**TASK TO COMPLETE**: Exactly the lines below, starting with the one containing "The ruins of" and going on through the one containing "客廳的布置簡單干凈,暖灰色墻", must be reproduced, both ends included, and no pictures with them.

**SUPPLIED RECORDS**:
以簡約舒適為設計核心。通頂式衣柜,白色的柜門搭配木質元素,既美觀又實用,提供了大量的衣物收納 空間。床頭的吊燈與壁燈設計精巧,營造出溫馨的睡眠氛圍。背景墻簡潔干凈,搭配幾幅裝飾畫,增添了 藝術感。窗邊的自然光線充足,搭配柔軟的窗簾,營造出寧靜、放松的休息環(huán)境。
* * *
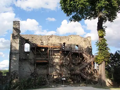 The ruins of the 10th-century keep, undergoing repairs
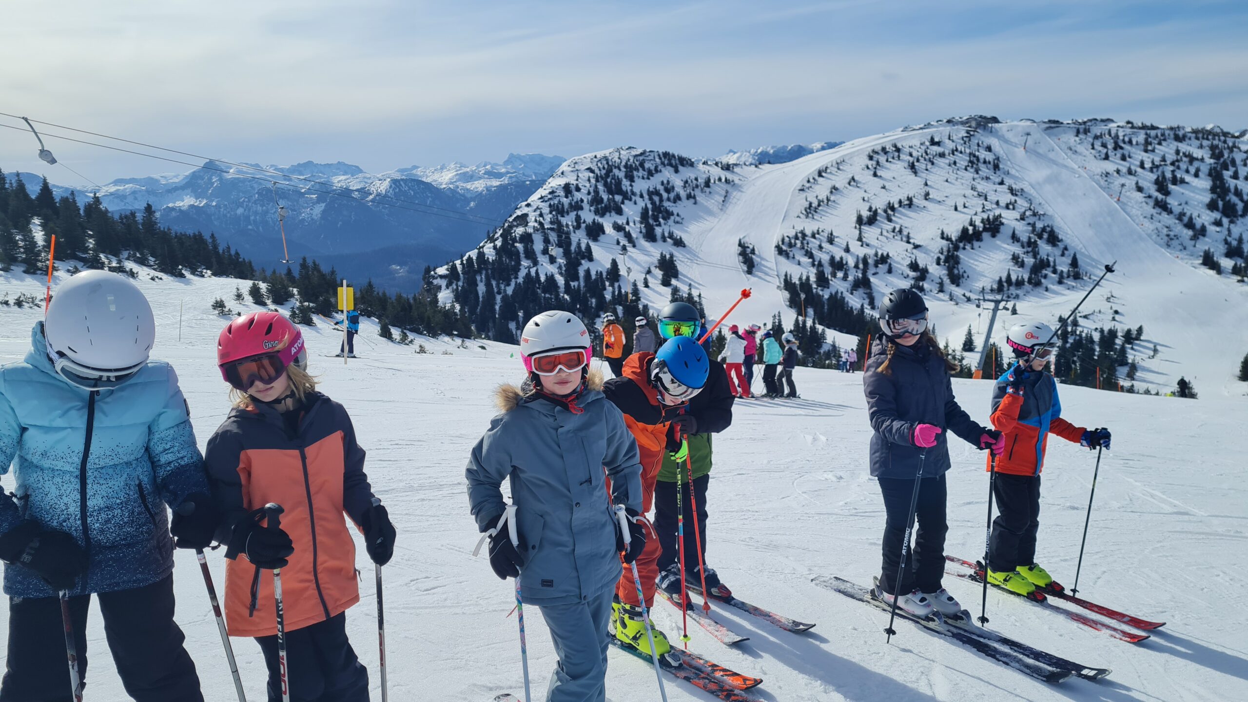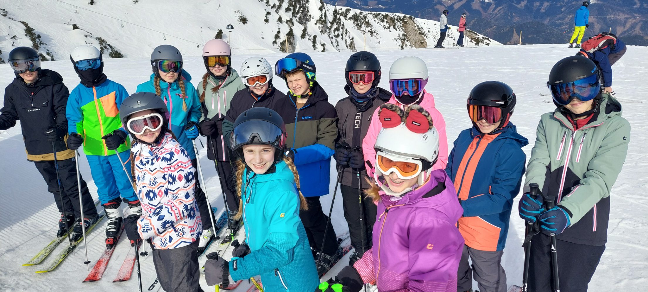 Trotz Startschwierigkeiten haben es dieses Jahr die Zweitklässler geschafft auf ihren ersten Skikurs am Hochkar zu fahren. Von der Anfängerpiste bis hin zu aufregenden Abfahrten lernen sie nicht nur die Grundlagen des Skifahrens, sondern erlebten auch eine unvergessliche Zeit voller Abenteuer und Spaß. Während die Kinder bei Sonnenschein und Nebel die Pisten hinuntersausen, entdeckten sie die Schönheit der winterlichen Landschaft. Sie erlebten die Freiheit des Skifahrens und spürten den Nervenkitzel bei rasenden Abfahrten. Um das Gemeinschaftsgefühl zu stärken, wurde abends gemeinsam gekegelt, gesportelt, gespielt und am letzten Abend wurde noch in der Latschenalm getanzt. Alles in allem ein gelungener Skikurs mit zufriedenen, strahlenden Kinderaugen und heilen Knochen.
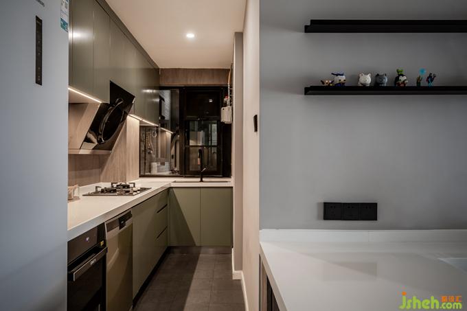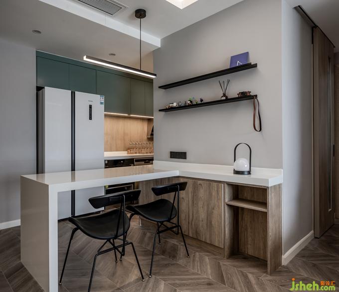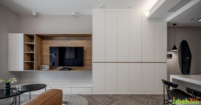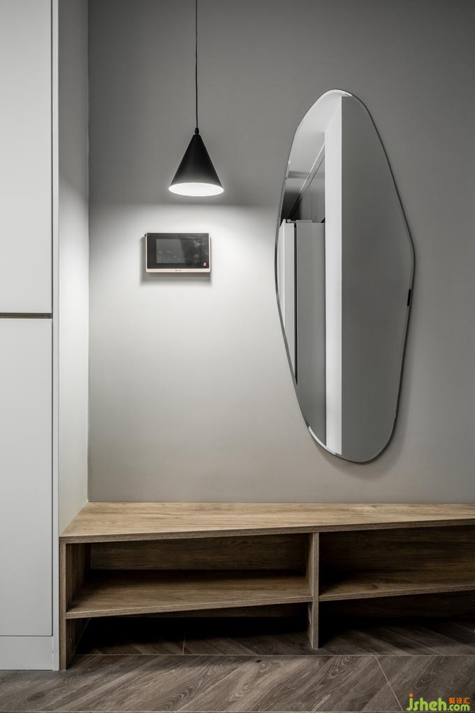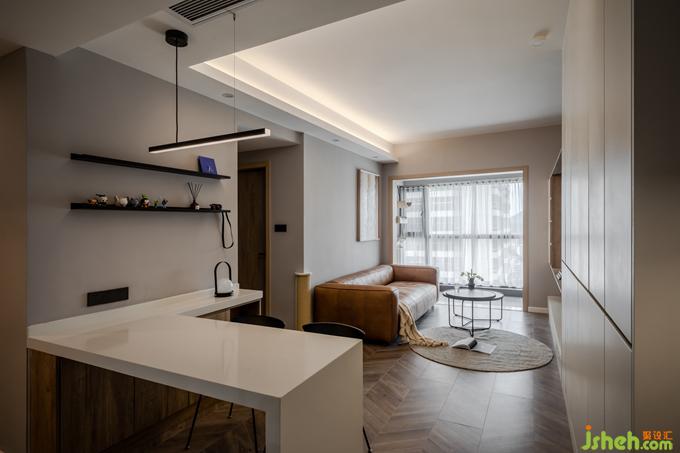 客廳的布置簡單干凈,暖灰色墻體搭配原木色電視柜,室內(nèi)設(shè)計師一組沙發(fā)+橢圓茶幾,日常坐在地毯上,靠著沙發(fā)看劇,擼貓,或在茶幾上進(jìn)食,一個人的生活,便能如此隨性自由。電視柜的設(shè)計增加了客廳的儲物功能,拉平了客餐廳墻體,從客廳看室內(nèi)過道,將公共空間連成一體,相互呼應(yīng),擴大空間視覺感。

**FINISHED TASK**:
 The ruins of the 10th-century keep, undergoing repairs
 Trotz Startschwierigkeiten haben es dieses Jahr die Zweitklässler geschafft auf ihren ersten Skikurs am Hochkar zu fahren. Von der Anfängerpiste bis hin zu aufregenden Abfahrten lernen sie nicht nur die Grundlagen des Skifahrens, sondern erlebten auch eine unvergessliche Zeit voller Abenteuer und Spaß. Während die Kinder bei Sonnenschein und Nebel die Pisten hinuntersausen, entdeckten sie die Schönheit der winterlichen Landschaft. Sie erlebten die Freiheit des Skifahrens und spürten den Nervenkitzel bei rasenden Abfahrten. Um das Gemeinschaftsgefühl zu stärken, wurde abends gemeinsam gekegelt, gesportelt, gespielt und am letzten Abend wurde noch in der Latschenalm getanzt. Alles in allem ein gelungener Skikurs mit zufriedenen, strahlenden Kinderaugen und heilen Knochen.
 客廳的布置簡單干凈,暖灰色墻體搭配原木色電視柜,室內(nèi)設(shè)計師一組沙發(fā)+橢圓茶幾,日常坐在地毯上,靠著沙發(fā)看劇,擼貓,或在茶幾上進(jìn)食,一個人的生活,便能如此隨性自由。電視柜的設(shè)計增加了客廳的儲物功能,拉平了客餐廳墻體,從客廳看室內(nèi)過道,將公共空間連成一體,相互呼應(yīng),擴大空間視覺感。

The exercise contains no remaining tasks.